Abstract

Vanadium dioxide (VO2) is a promising material for electronics and optics due to abrupt change in conductivity of VO2 that occurs at ∼68 °C, which is the metal-insulator transition temperature. The abruptness and magnitude of this transition is governed by the crystal structure of VO2. The growth of thin VO2 films therefore requires substrate heating during deposition and, as well as the occasional need for additional post-deposition annealing. The processes that occur during annealing depend upon the deposition technique. However, the published reports related to these studies are rarely systematic and lack consistency. The annealing of thin nanocrystalline VO2+x films at temperatures above the melting point is reported here. Thin films were deposited onto a polycrystalline corundum substrate by means of radio-frequency reactive magnetron sputtering, with the thin film composition fine-tuned by applying negative substrate bias during deposition and proceeding with ex-situ control of the vanadium oxidation state.

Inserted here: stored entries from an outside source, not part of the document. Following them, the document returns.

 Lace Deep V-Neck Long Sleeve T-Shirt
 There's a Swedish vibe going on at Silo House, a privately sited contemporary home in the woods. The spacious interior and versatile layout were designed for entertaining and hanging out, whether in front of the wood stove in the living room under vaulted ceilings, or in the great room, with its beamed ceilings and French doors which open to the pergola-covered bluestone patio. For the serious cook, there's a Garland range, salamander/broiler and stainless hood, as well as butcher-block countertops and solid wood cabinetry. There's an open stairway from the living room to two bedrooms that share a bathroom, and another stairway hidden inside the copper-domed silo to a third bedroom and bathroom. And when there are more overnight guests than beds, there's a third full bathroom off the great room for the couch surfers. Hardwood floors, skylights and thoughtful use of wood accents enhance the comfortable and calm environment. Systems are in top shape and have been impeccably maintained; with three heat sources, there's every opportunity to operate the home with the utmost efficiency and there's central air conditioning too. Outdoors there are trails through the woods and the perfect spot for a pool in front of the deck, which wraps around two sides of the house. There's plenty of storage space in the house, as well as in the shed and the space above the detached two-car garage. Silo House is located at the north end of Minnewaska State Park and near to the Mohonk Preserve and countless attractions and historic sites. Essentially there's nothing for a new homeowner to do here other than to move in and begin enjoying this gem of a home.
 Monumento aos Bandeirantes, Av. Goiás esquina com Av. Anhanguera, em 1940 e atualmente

Post-deposition annealing causes recrystallization, which is in accordance with the VO phase diagram. No epitaxial or other substrate-induced processes were detected. However, the sharpest transition was attributed to the film possessing the most uniform grain size, as opposed to the film with the largest VO2 crystallites. The temperature dependency of the microwave radiation transmittance was investigated over the 8–18 GHz range, with the samples measured in free-space conditions. This was intended to reveal any frequency-dependent features, which can possibly appear as benefits or obstacles during the development of designs in the microwave range that are based on the VO2 films being studied.